Of course, the goal of the Moscow Brain Institute was not achieved. It is still a big challenge to show how cortical structure and spatial organization of neurons can be connected to higher cognitive brain function. However, many important results were generated, including development by S.A. Sarkisov and colleagues of modified cytoarchitectonic Brodmann’s map [S.A.Sarkisov et al., “Citoarchitecture of the cortex of human brain”, Moscow, 1949] .

2. Design of the MCG technology and implementation conditions

For its time, it was truly pioneering technology. It was based on algorithms of Mathematical Morphology (J. Serra, CMM, France), implemented in the texture analysis sytsem TAS, by Ernst Leitz, Wetzlar (see fig. 1)


Fig. 1: Brief technical description of automatic microscopy system  Leitz TAS (1980-1982).

Once again, our method was one of the first digital microscopy method, developed for registration of the stable and reproducible profile of the cortical area of human brain. We defined “stability” as obtaining statistically indistinguishable result when the measurement was repeated in the same area, which was achieved by adaptive segmentation algorithm based on measuring of mean gradients distribution, and rather sophisticated methods of elimination of artifacts, vessels and glia. Reproducibility was defined as obtaining the same profile pattern and average values measured in the same area, but different set of serial sections, what was achieved by satisfying ergodicity requirements (see, for example “Ch. Lantuejoule, Ergodicity and integral range, J. of Microscopy, 161, 3, 1991. Practically it meant processing very significant volume of tissue in each area, at least within 2 mm of section space at  ~<0.5 mkm resolution). Starting from step 4 (below) it was fully automatic.

EPSON scanner image

Fig. 2: MCG processing pipeline.

The method was called “Morphocorticography” because in a substantial number of cases it revealed a pattern of local minima and maxima, specific for a given individual. This pattern reproduced itself in different areas of the same individual, but not in another individual.

All details of the method, including MM notations of image processing steps, were published between 1982 and 1992 in Russian (translated in English, Istomin VV, Neuropatol. and Behav.
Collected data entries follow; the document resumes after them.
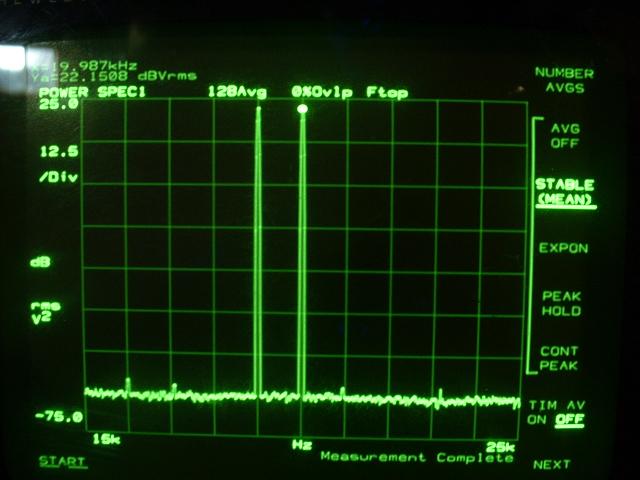 Next, we analyzed the IMD by the CCIF and SMPTE methods. For CCIF, 19KHz an 20KHz signals, originating in the PM5192 frequency synthesizer (19KHz) and the 3562A spectrum analyzer (20KHz) were mixed in 1:1 ratio. Both signal generators are 50ohm terminated, so the amplitude was chosen 2.4Vvv each to get 1.2Vvv for each component level. Unfortunately, the spectral purity of the signals is not very good, resulting in multiple artifacts. We tried to use the Amber 5500 sine wave generator for one of the components, however the output stage of the Amber 5500 was significantly distorting the other component. We also tried to use a AD797 ultra low noise/ultra low distortion opamp as a mixer. While indeed AD797 has very low noise and distortion, it’s contribution could not be neglected. Having to handle three contributions rather than two largely complicated the results processing, making an automated measurements approach almost impossible to implement. The 1:1 mixed signal (50ohm) is shown below.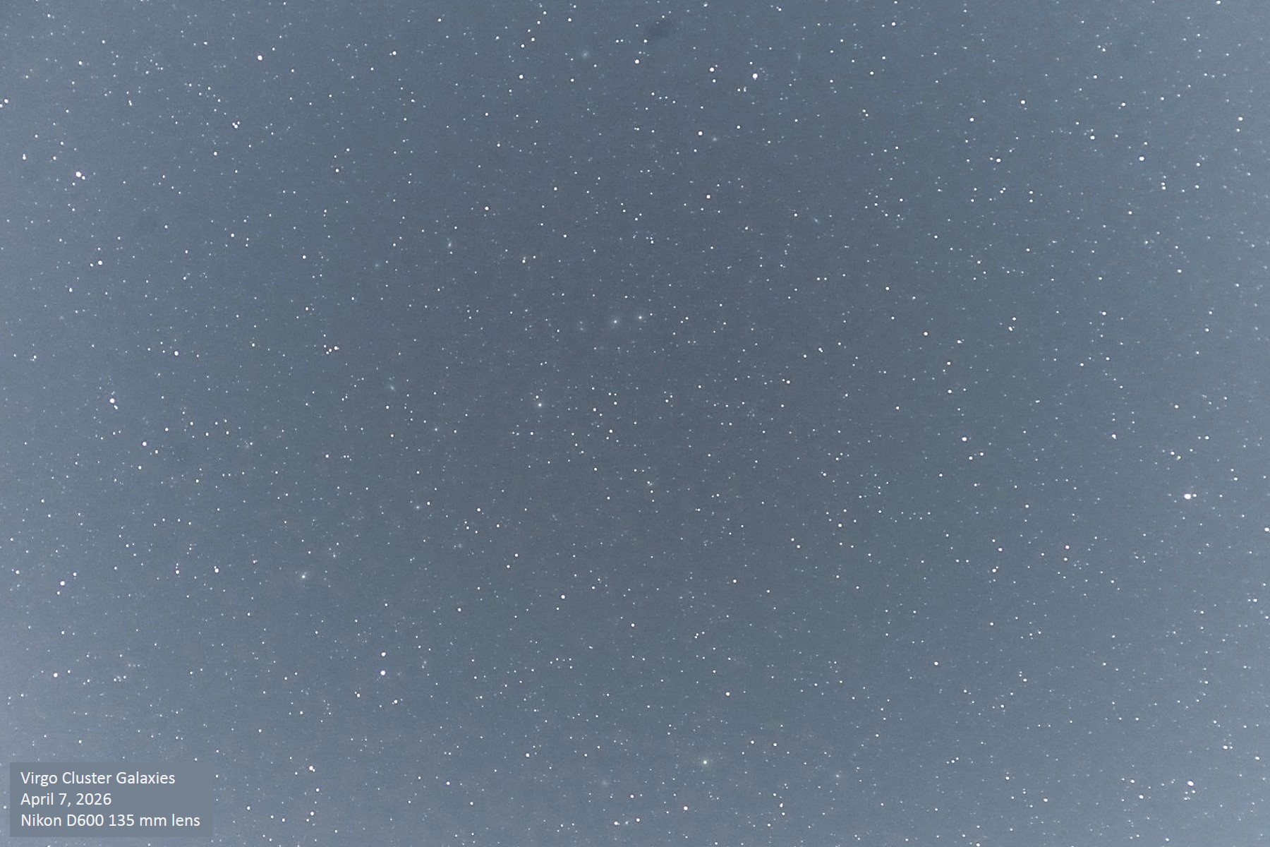 I've always wanted a good wide-field image of the central portion of the Virgo cluster of galaxies. All of the Messier galaxies in Virgo are annotated along with many of the NGC galaxies. Based on their appearance on the image, observers with even modest equipment could try for NGC 4216, 4568, 4365, 4526, 4535, and 4596. My image is a result of stacking and pretty severe contrast and brightness enhancements, so it's very noisy ~ here is an instance of one of the individual images. Unannotated view. |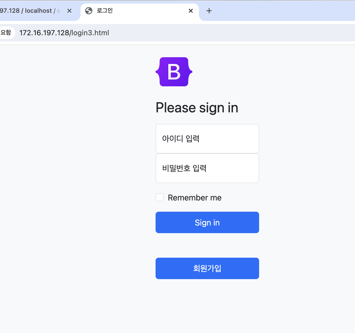 부트스트랩으로 회원가입 페이지를 만들고 DB연동하기를 우선 해봤는데 에러가 나고 막히는 부분이 있어서 우선 간단하게 만들고 꾸미기로 했다. (급할수록 돌아가라 라는 말이 통용되었다.)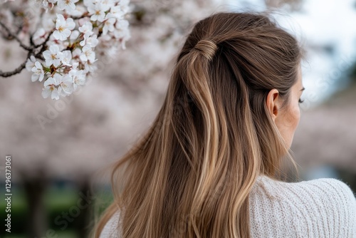 A young woman admires beautiful cherry blossoms, capturing the joy and tranquility that nature provides, evoking a sense of peace and connection with the environment.
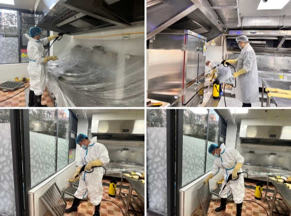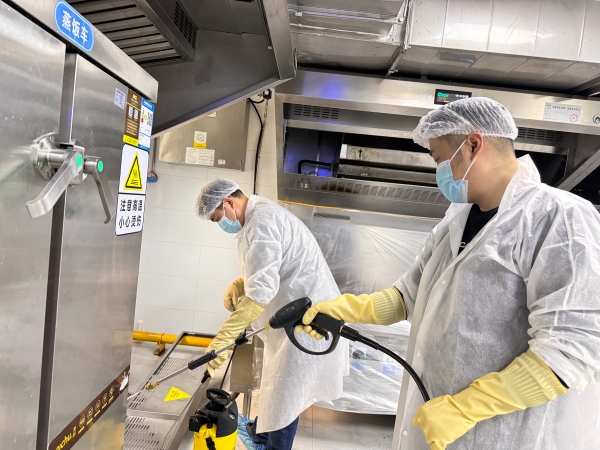 工作人员对幼儿园食堂进行了全方位油烟管道清洁。清洗时,他们熟练运用专业设备,依次拆解清洗灶具、排油烟口、管道转角等部位,重点攻坚烟道内部、转角等隐蔽区域的积油,清除油烟机上的顽固污渍,做到清洁无死角。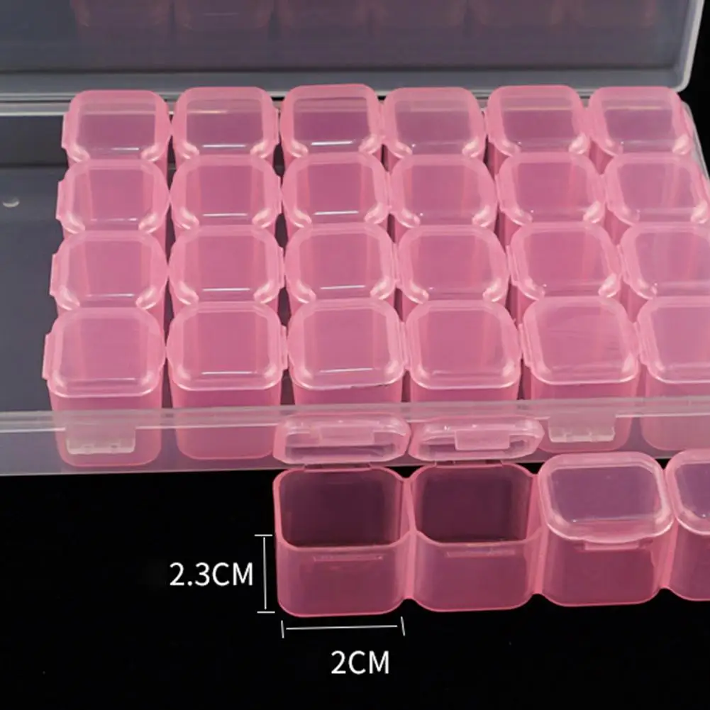 Особенности: Независимый дизайн ящика для хранения. Легкий и компактный, портативный и практичный. Применение: используется для блесток, кристального песка, колец или других безделушек, дизайна ногтей, косметики, таблеток. Характеристики: Цвет: розовый/розово-красный/фиолетовый/Разноцветный Материал: полипропилен Спецификация: 28 сеток Каждая клетка Размер: 2,3*2*2 см/0,91*0,79*0,79" Полный размер коробки: 17,3*10,5*2,5 см/6,82*4,14*0,99" Примечания: 1. Из-за различных настроек монитора и светильник эффект, фактический цвет элемента может быть s светильник ly отличается от цвета, представленного на снимках. Спасибо! 2. Возможны отклонения в 1-3 см вследствие измерений вручную.

Physiol.,1986, UDC 616.831.31-076.5), English (V. Istomin, K. Amunts, Vision & Voice Magazine, 6, 2, 1992) and German (Istomin V., Amunts K., Build und Ton, 43, 1, 1990 and Amunts K, Istomin V., Vision & Voice Magazine, 6, 1, 1992). Unfortunately, these journals were not very well known, and probably do not even exist anymore.

3 thoughts on “The story of MCG: lost opportunity.”

  1. Thank you for paying tribute and preserving memory of yhe people who evidently have contributed so much for the scientific development!
    At the place and time where every substantial and good deed must have been done contrary to the prevailing standard, those scientists and truly gifted administratirs had the strength and dedication to carry out their vision! The following generations of the medical practitioners and researchers will carry on!